In [1]:
import os
import pandas as pd
import numpy as np
# import validation_data_input
import plotly.express as px
import toml
import psrc_theme

# to show plotly figures in quarto HTML file
import plotly.io as pio
pio.renderers.default = "plotly_mimetype+notebook_connected"
pio.templates.default = "simple_white+psrc_color" # set plotly template


In [2]:
%store -r validation_data

config = validation_data.config.copy()
trip = validation_data.trip.copy()

In [3]:
# distance to distance bins
trip['distance_bin'] = pd.cut(trip['travdist'], bins=[0,1,3.5,10,9999],
                                    labels=['0-1', '1-3.5', '3.5-10',
                                            '10+'])
# Create bins: bins of 2 miles up to 60 miles
max_bin = 60
bin_size = 2
trip['bin_60mi'] = pd.cut(trip['travdist'], bins=np.arange(0, max_bin+bin_size, bin_size), labels=[str(i) for i in np.arange(0, max_bin, bin_size)])

In [4]:
def plot_bins(df:pd.DataFrame, filter=None, title_name=None):

    if filter is not None:
        df = df.loc[filter]
    df_plot = df.loc[(df['distance_bin'] != float('nan'))].groupby(['source','distance_bin'])['trexpfac'].sum().reset_index()

    df_plot['percentage'] = df_plot.groupby(['source'], group_keys=False)['trexpfac']. \
        apply(lambda x: 100 * x / float(x.sum()))

    df_plot_ct = df.loc[(df['distance_bin'] != float('nan'))].groupby(['source','distance_bin'])['trexpfac'].count().reset_index().rename(columns={'trexpfac':'sample count'})

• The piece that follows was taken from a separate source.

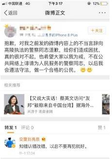 微博很快引起了民警注意,11月1日,交警高陵大队向公安高陵分局崇皇派出所报案,次日该女子被警方传唤,承认两次发布不当言论。考虑到她能主动将微博删除,并公开道了歉,警方根据《治安管理处罚法》的相关规定,对其进行了批评教育。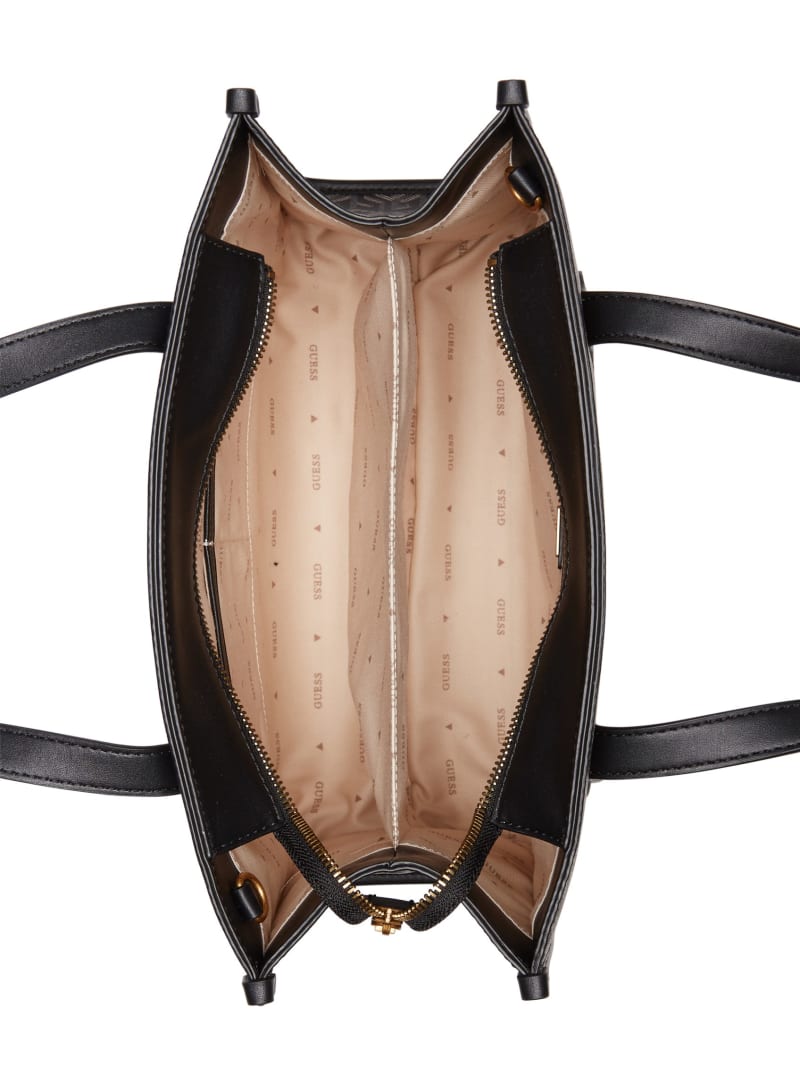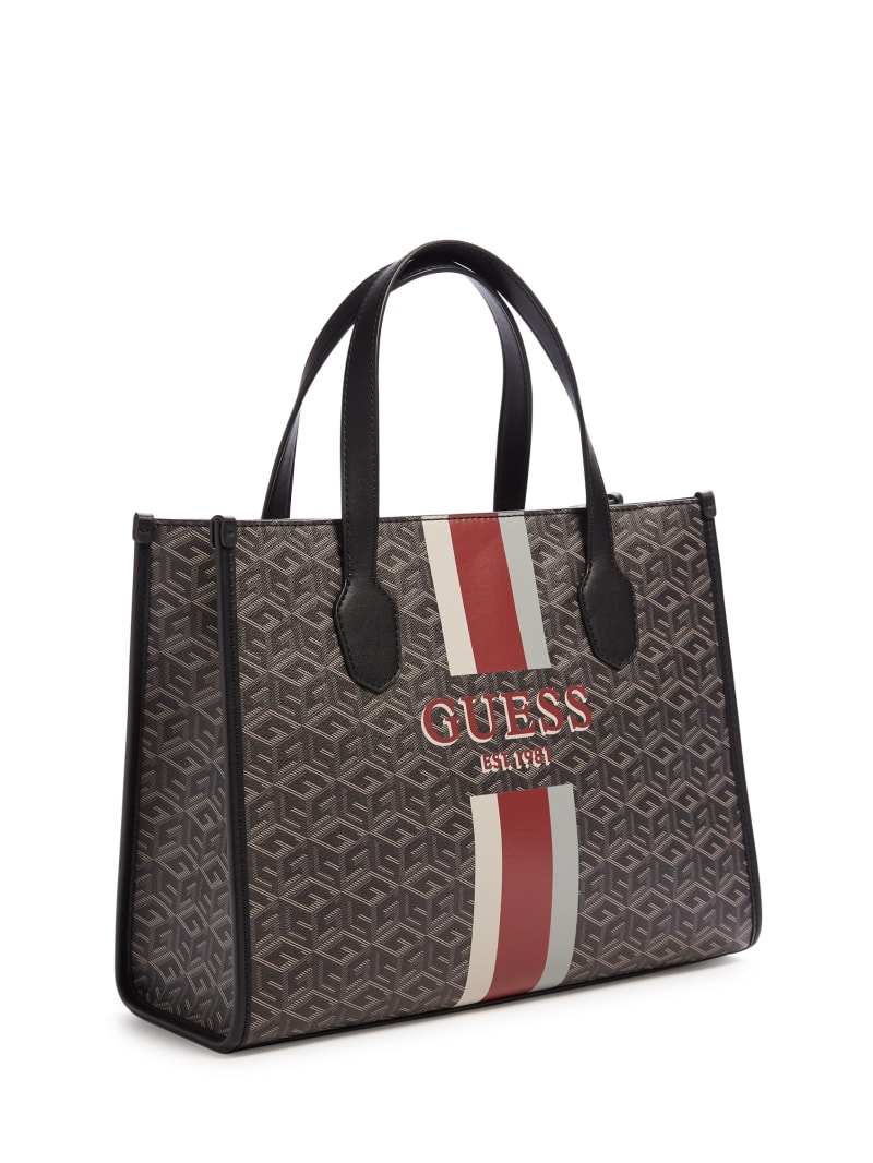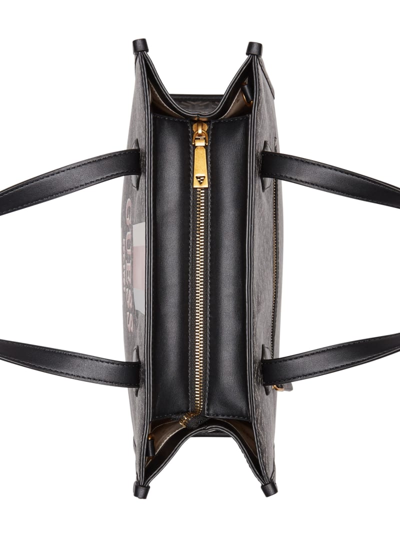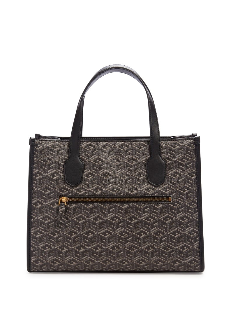 A structured finish to your look, this tote features an allover G Cube printed faux leather, with dual top handles, front logo graphic, spacious interior with multifunctional pockets and top-zip closure.

    df_plot = df_plot.merge(df_plot_ct, on=['source','distance_bin'])

    if title_name:
        chart_title = "Trip distance by purpose: "+title_name
    else:
        chart_title = "Trip distance"

    fig = px.bar(df_plot, x="distance_bin", y="percentage", color="source",barmode="group",
                facet_col_wrap=2, hover_data=['sample count'],
                title=chart_title)
    fig.for_each_annotation(lambda a: a.update(text = a.text.split("=")[-1]))
    fig.update_layout(height=400, width=700, font=dict(size=11))
    fig.show()

plot_bins(trip)


## Trip Distance by Purpose

In [5]:
plot_bins(trip, trip['dpurp'] == 1, 'work')

In [6]:
plot_bins(trip, trip['dpurp'] == 2, 'school')

In [7]:
plot_bins(trip, trip['dpurp'] == 3, 'escort')

In [8]:
plot_bins(trip, trip['dpurp'] == 4, 'personal business')

In [9]:
plot_bins(trip, trip['dpurp'] == 5, 'shopping')

In [10]:
plot_bins(trip, trip['dpurp'] == 6, 'meal')

In [11]:
plot_bins(trip, trip['dpurp'] == 7, 'social')